– Те, которые возбуждаются во время сна, – отвечал я. – Тогда как одно начало души – разумное, кроткое и правительственное, спит, а зверовидное и дикое, исполненное пищи и вина, прыгает и, прогнав сон, старается идти и удовлетворять своим требованиям, – ты знаешь, в таком состоянии оно, отрешенное и отбросившее всякий стыд и разумность, отваживается делать все; так что если вздумает, не медлит решимостью смеситься хоть с матерью, хоть с кем другим из людей, богов и животных или кого-нибудь убить, и не удерживается ни от какой пищи; одним словом – не оставляет ни безумия, ни бесстыдства.

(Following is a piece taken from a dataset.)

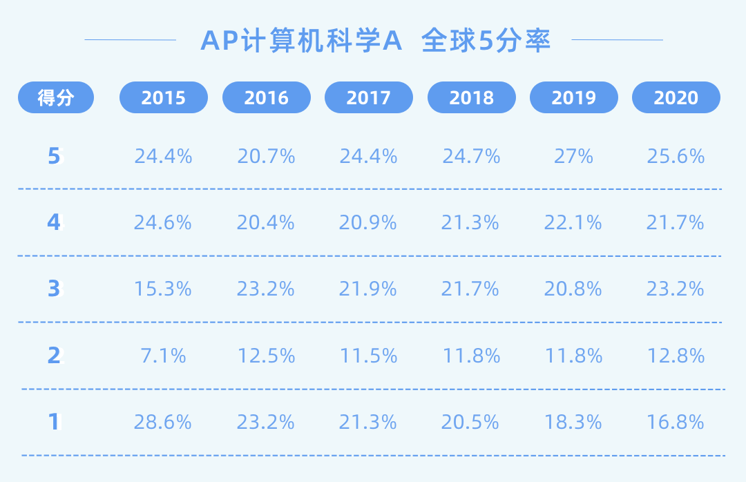 对比其他AP科目来说,计算机科学A 的5分率还是比较高的。通过CB官方给出的数据来看,计算机科学A报考人数也在逐年增加,可是5分率依然常年稳定在25%左右。不论从未来的学习生活的实际应用,还是从获得5分的难易程度来考虑,AP计算机科学A都是一门“墙裂”推荐大家学习的科目啊。

– Ты весьма справедливо говоришь, – сказал он.
– Но кто[488]
, думаю, ведет себя здраво и рассудительно и отходит ко сну, возбудивши в себе разумную свою природу, напитав ее прекрасными мыслями и рассуждениями и надумавшись сам с собою, а от пожелательной своей стороны устранив и недостатки и излишества, чтобы она спала и шумливо не обеспокоивала лучшей части ни весельем, ни печалью, но позволяла ей одной, самой по себе[489], в ее чистоте, стремиться к созерцанию чувством того, чего она не знает, – в прошедшем ли то, в настоящем, или будущем – кто подобным образом укрощает и раздражительную природу, чтобы она отходила ко сну невзволнованная и ни на кого не разгневанная, и усмирив таким образом эти два вида, сообщает движение третьему, заключающему в себе разумность, и успокаивается в нем, тот во сне, знаешь ли, близко коснется истины, и не будут мечтаться ему тогда противозаконные видения.– Я совершенно так думаю, – сказал он.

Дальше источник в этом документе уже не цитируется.